• **WORK TO COMPLETE**: The pictures get dropped, while every remaining part of the listing is copied exactly.

»»

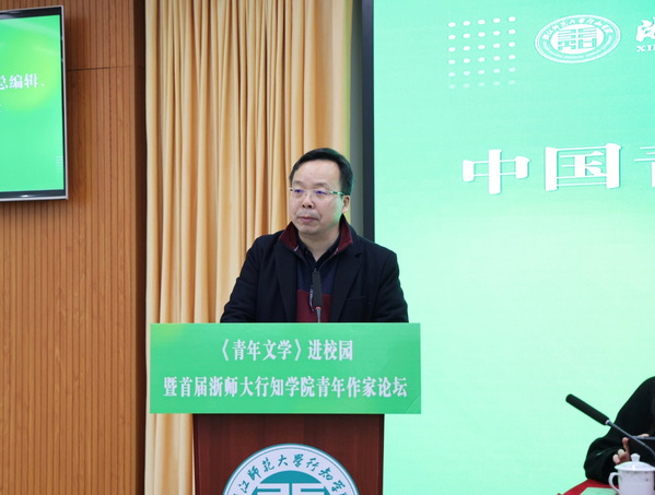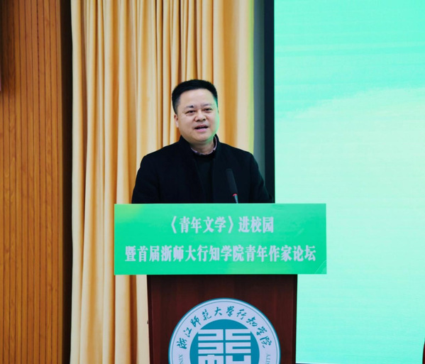 刘星喜在开幕式上致辞,对《青年文学》进校园活动暨首届浙师大开云kaiyun官方网站青年作家论坛的举办表示热烈祝贺,对来宾和回家的校友们表示热烈欢迎。他简要介绍了学院办学情况,特别是近年来以服务区域经济社会发展为重点,以培养高素质本科应用型人才为己任,奋力推进一流应用型本科院校建设目标取得新发展。刘星喜表示,学院深入贯彻落实习近平总书记关于青年工作的重要思想,高度重视校园文化育人品牌建设,积极探索文艺创作人才特色培育,充分发挥校园文化以文化人、以美育人的作用。尤其是立足于新文科时代内涵与建设路向,优化建构“大学生作家群”自主成长、脱颖而出的良性生态系统,从环境的营造、平台的搭建、实践的优化,再到学生学习体验及学习范式的建立,全方位形成了独具特色的应用型文科人才培养模式。他期望此次活动成为分享智慧、交流思想、增进友谊的平台,同时希望文学院与《青年文学》及优秀作家、校友保持密切联系,携手共赴文学美好未来。
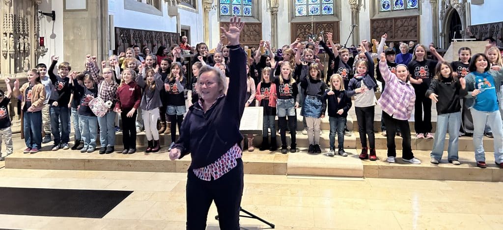 Bombastisch war die Reaktion im Publikum auf den Auftritt der Jekits-Kinderchöre der Bodelschwingh- und Südeschschule. Sie sorgten mit ihrer unbekümmerte Art für helle Begeisterung. Leiterin Ulla Vossenberg stimmte mit den Kinder das Sternenlied, das Wutlied und die Traumfänger an. Unterstützt wurden sie von Peter Kieser, der die Kinder am Piano auf Hochtouren brachte.
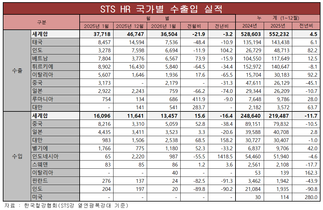 - ■ [표] 1월 열연강판 수출·수입 동반 감소
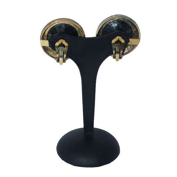 Orecchini a clip circolari in metallo dorato con grande pietra blu al centro
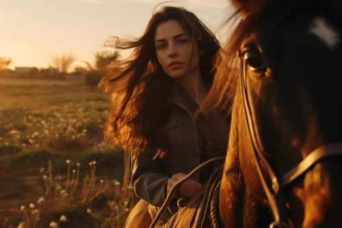 girl with ballayage and slightly curled har riding a black horse full-throttle. Her face is not visible as she turns her face away. The horse has a white stripe on the nose. shot on Agfa Vista 200, side-angle view, 4k cinematic warm colors in brown, gold, beige, orange setting --ar 3:2 --v 5.2

««

• **EXERCISE ANSWER**:
 刘星喜在开幕式上致辞,对《青年文学》进校园活动暨首届浙师大开云kaiyun官方网站青年作家论坛的举办表示热烈祝贺,对来宾和回家的校友们表示热烈欢迎。他简要介绍了学院办学情况,特别是近年来以服务区域经济社会发展为重点,以培养高素质本科应用型人才为己任,奋力推进一流应用型本科院校建设目标取得新发展。刘星喜表示,学院深入贯彻落实习近平总书记关于青年工作的重要思想,高度重视校园文化育人品牌建设,积极探索文艺创作人才特色培育,充分发挥校园文化以文化人、以美育人的作用。尤其是立足于新文科时代内涵与建设路向,优化建构“大学生作家群”自主成长、脱颖而出的良性生态系统,从环境的营造、平台的搭建、实践的优化,再到学生学习体验及学习范式的建立,全方位形成了独具特色的应用型文科人才培养模式。他期望此次活动成为分享智慧、交流思想、增进友谊的平台,同时希望文学院与《青年文学》及优秀作家、校友保持密切联系,携手共赴文学美好未来。
 Bombastisch war die Reaktion im Publikum auf den Auftritt der Jekits-Kinderchöre der Bodelschwingh- und Südeschschule. Sie sorgten mit ihrer unbekümmerte Art für helle Begeisterung. Leiterin Ulla Vossenberg stimmte mit den Kinder das Sternenlied, das Wutlied und die Traumfänger an. Unterstützt wurden sie von Peter Kieser, der die Kinder am Piano auf Hochtouren brachte.
 - ■ [표] 1월 열연강판 수출·수입 동반 감소
 Orecchini a clip circolari in metallo dorato con grande pietra blu al centro
 girl with ballayage and slightly curled har riding a black horse full-throttle. Her face is not visible as she turns her face away. The horse has a white stripe on the nose. shot on Agfa Vista 200, side-angle view, 4k cinematic warm colors in brown, gold, beige, orange setting --ar 3:2 --v 5.2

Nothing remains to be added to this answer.